Po szczęśliwym dotarciu do Murowańca i pokrzepieniu nadwątlonych sił gorącą herbatą i napojem wyskokowym firmy "Tymbark" wszyscy wyruszyli z zamiarem dotarcia na przełęcz Karb lub nawet szczyt Kościelca. W zamierzeniu kierownika miało to być sprawdzenie możliwości i umiejętności uczestników. Dosyć szybko dotarli nad Stawki Gąsiennicowe, których jest tu około dwudziestu, obecnie zasypane warstwą 20cm śniegu. W przelębli Zielonego Stawu (1674 m npm) zauważono sztucznie tu wpuszczone pstrągi gdyż ubóstwo zooplanktonu nie pozwala na naturalne występowanie ryb.
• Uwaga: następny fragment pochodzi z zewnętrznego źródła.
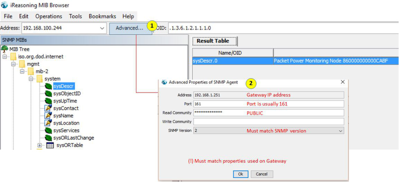 Note that after a new IP address is entered it may be necessary to (1) click on the “Advanced” tab and (2) re-enter the properties of the SNMP agent for each unique IP address.
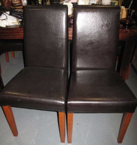 Lot #515 - Set of six dark brown leather high back dining chairs
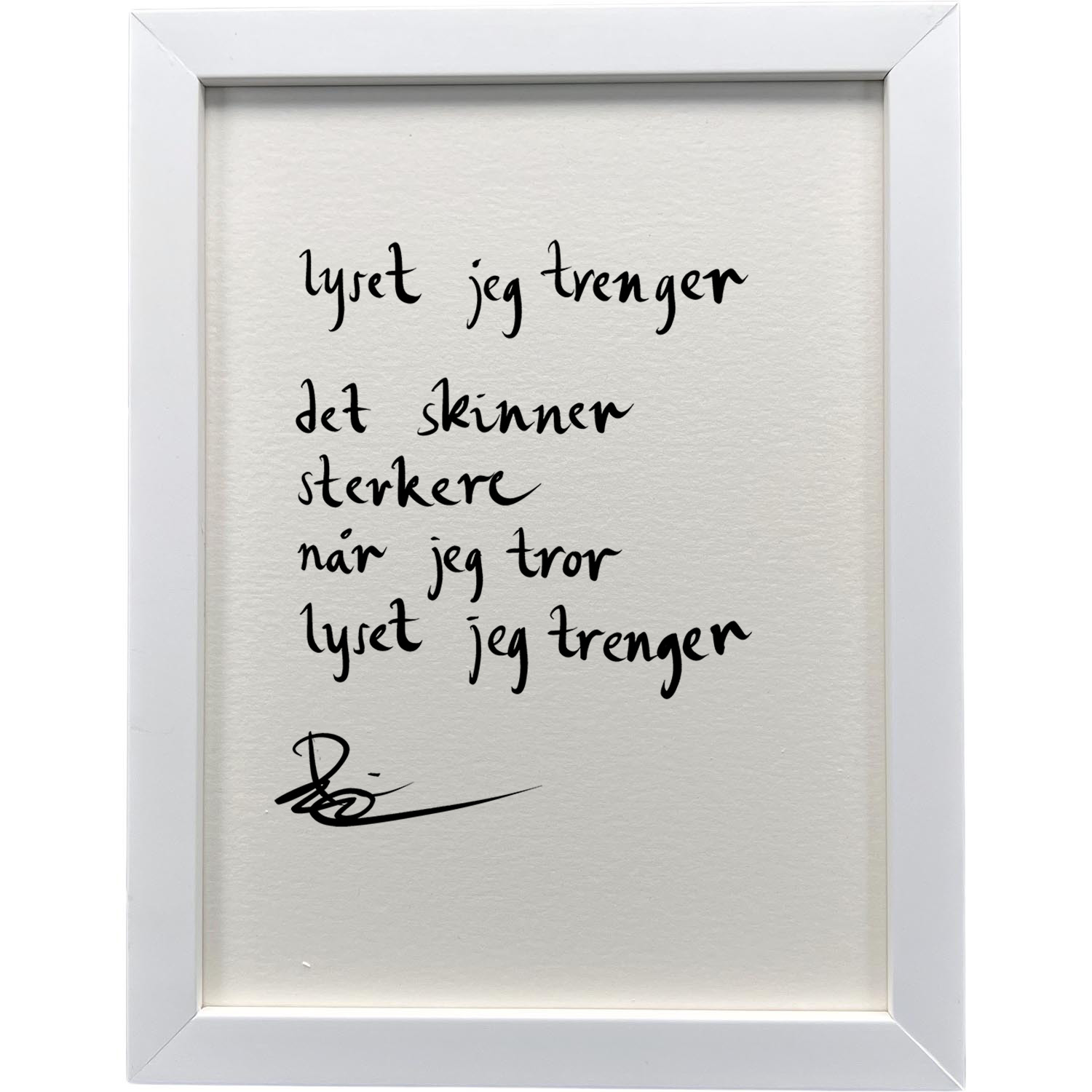 Hvit ramme 20 x 26 cm "lyset jeg trenger", dikt
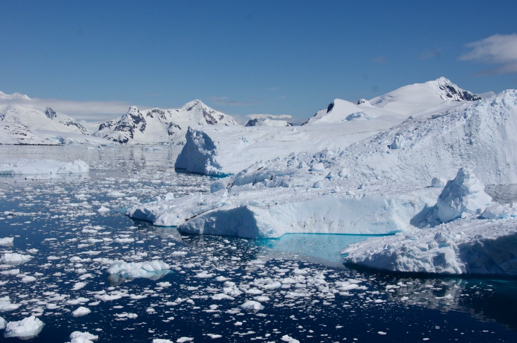 Both bays are surrounded by icy mountains with plentiful icebergs. There are both Argentinian and Chilean bases in this area.
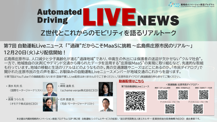 「“過疎”だからこそMaaSに挑戦 ~広島県庄原市民のリアル~」 12月20日より配信 SIP-adus 第7回自動運転Liveニュース

Na sąsiednim stawie Kurtkowiec znajduje się najwyżej w Polsce położona wyspa (1689 m. npm).
Już na podejściu na Karb należało nałożyć raki co dla niektórych stanowiło nowe doświadczenie. Po osiągnięciu przełęczy dosyć pochopnie (ze względu na późną porę) zdecydowano się kontynuować wejście na Kościelec. Stroma ściana pokryta wciąż padającym śniegiem sprawiła trochę trudności i szczyt (2155 m npm) osiągnięto dość późno. Na Karb grupa dotarła o zmroku. Ślady zasypał już śnieg przez co szlak został zgubiony i zaczęło się błądzenie w ciemnościach wśród głazów i płatów kosówki po rozległych morenach doliny.
Szczeliny pomiędzy głazami, przysypane cienką warstwą śniegu i gęste zarośla kosówki stanowiły pułapkę i z każdą chwilą topniały zapasy sił i nadziei noclegu na ciepłej pryczy. Po dwóch godzinach i kilku przewidzeniach (przez co wielka wanta zyskała miano "chatki Krecika") przebyto w linii prostej około 900 m i osiągnięto Litworowy Staw skąd szlak doprowadził grupę do schroniska. Test wypadł pomyślnie - wszyscy wrócili.
Następnego dnia rozpoczęła się wspaniała mroźna i słoneczna pogoda. Planowane było osiągnięcie Koziego Wierchu lecz ze względu na warunki śniegowe zmieniono cel na łatwiejszą Świnicę. Na porannym podejściu pod przełęcz Liliowe brnąc po kolana w śniegu pokonano kilka kryzysów i nikt nie zawrócił. Liliowe dzieli Tatry na Wysokie i Zachodnie i w tym bardzo szczególnym miejscu powitało wszystkich słońce napełniające serca otuchą i nadzieją osiągnięcia szczytu Świnicy. Od Przełęczy Świnickiej grań wznosi się pod kątem 30 stopni i trzeba było przyznać, że przy zaśnieżeniu i oblodzeniu to całkiem stromo.
Droga dość męcząca, trudności umiarkowane, miejscami ekspozycja. Odległość 4,3 km, deniwelacja 800 m. 2h i 25min. Zimą tylko wejścia w dobrych warunkach. Konieczne raki i czekan.
       J. Nyka - "Tatry Polskie - przewodnik"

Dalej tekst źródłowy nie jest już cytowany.